Previously, the mass of our galaxy was estimated to be between 500 billion solar masses to 2-3 trillion solar masses (one solar mass is equal to the mass of Sun.) There is so much difference in the studies done by different astronomers and so the mass of Milky Way changes. The uncertainty of the masses is due to variable dark matter. It is an invisible form of matter and accounts for about 90 % of the galaxy’s total mass. Since it is not possible to measure this dark matter, astronomers cannot find the exact mass of Milky Way.
Accurate mass of the Milky Way is required to know how the internal structures of galaxies are formed, how our galaxy interacts with other galaxies and similar other cosmological questions. When they are not able to settle on the exact mass, all such queries cannot be solved.
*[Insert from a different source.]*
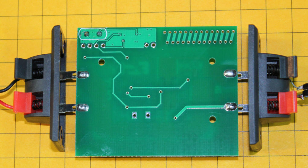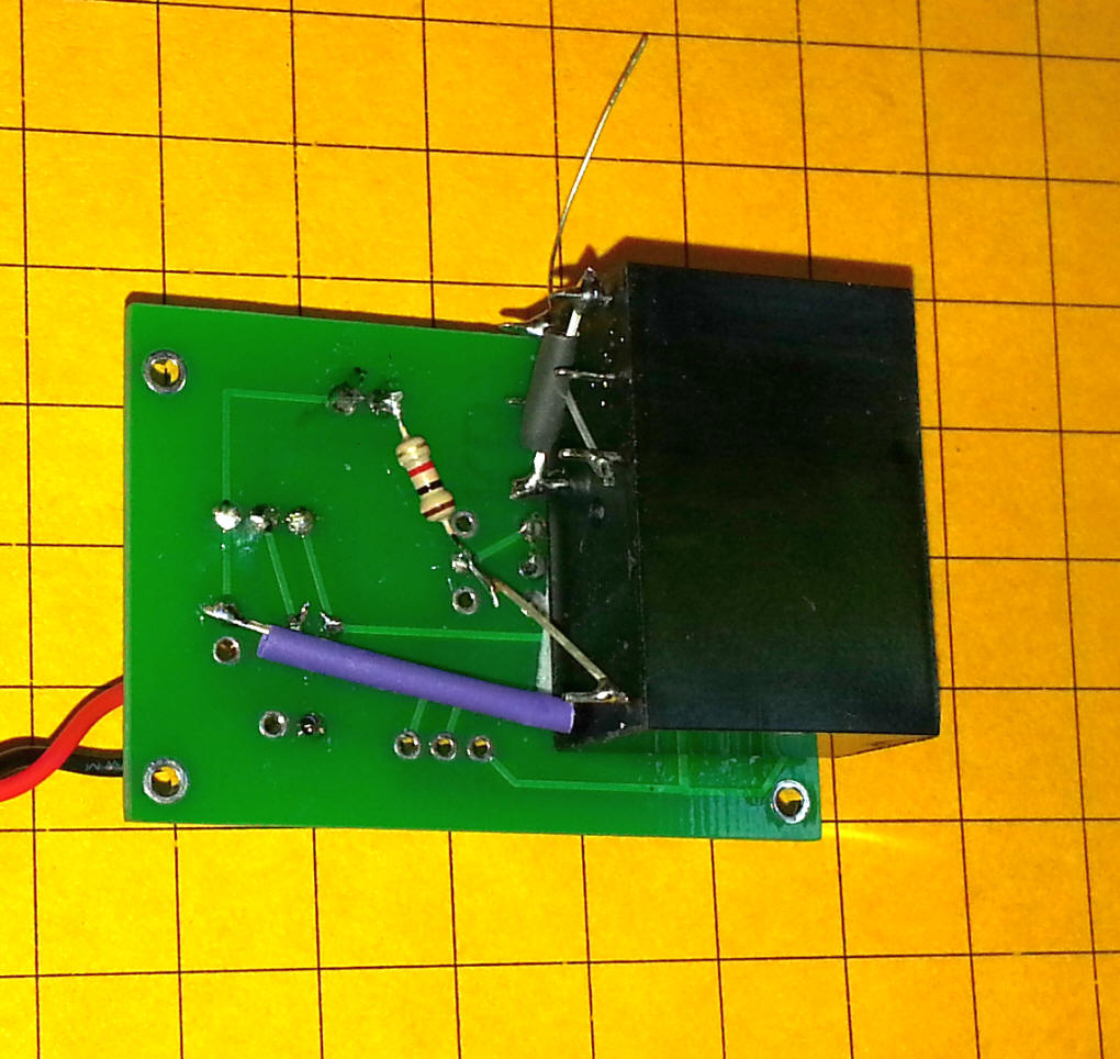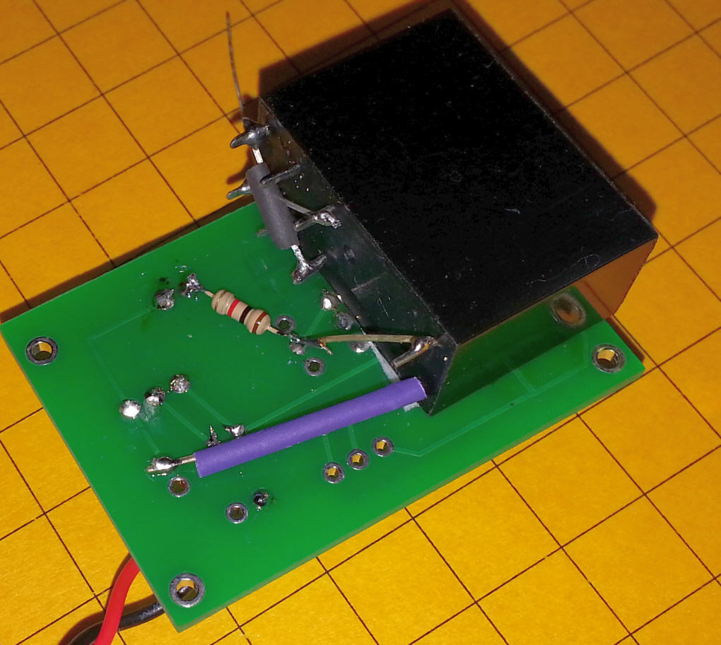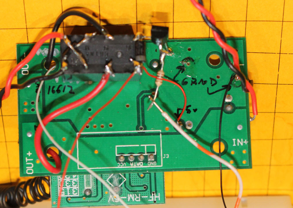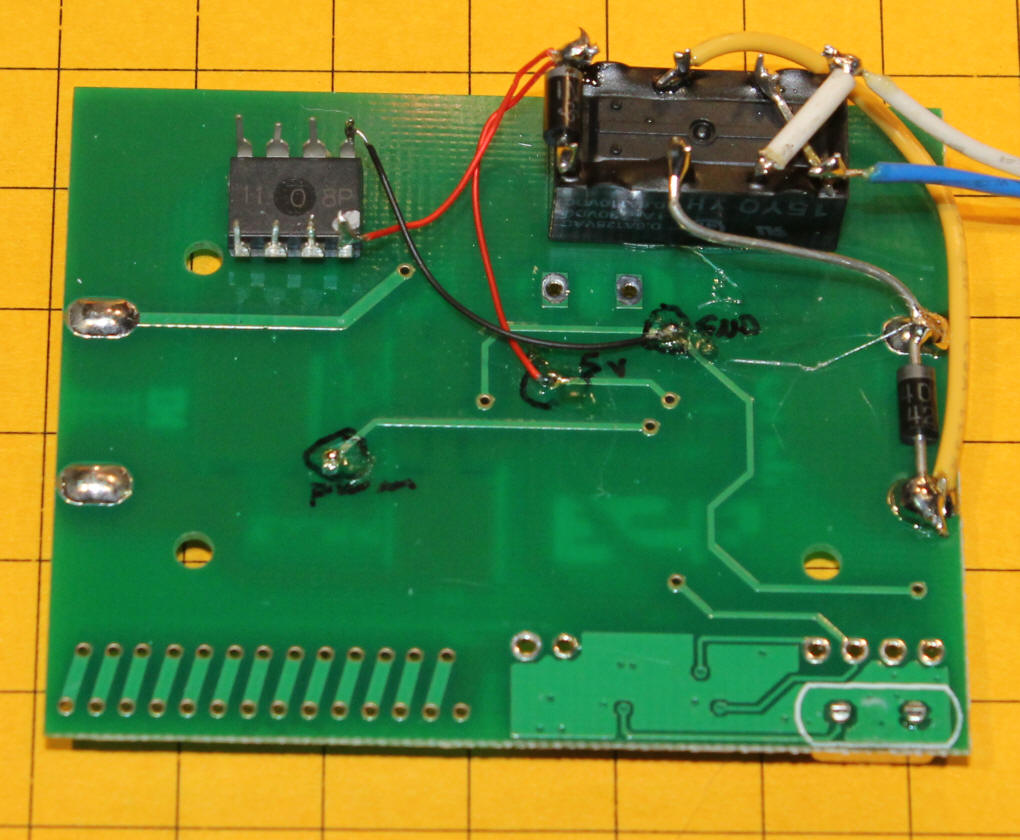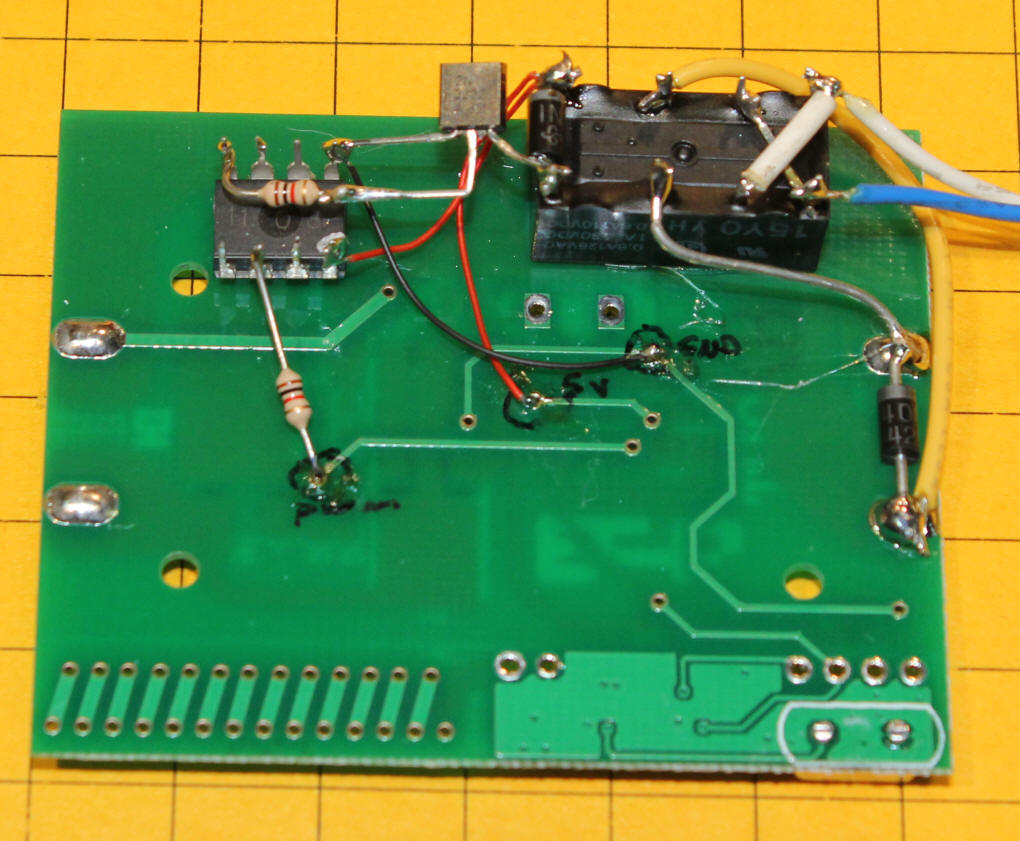 This view of the back of the board shows where ground and +5 volts can be picked up. The relay and transistor are at the top.

Recently, an international team of European Southern Observatory in Garching, Germany, which is led by Laura Watkins, has put up a new approach for the mass of Milky Way. They have combined the data from two telescopes Gaia of European Space Agency and Hubble of NASA. Their analysis says that the total mass of the galaxy is 1.5 trillion solar masses approximately. The astronomers were surprised that their values fell in the middle of the previous estimates. The value now obtained is on the high end of the recent work.
In the universe, lower mass galaxies can weigh up to a billion solar masses and the highest mass galaxies can be up to 30 trillion solar masses. So, Milky Way is on the higher range of mass.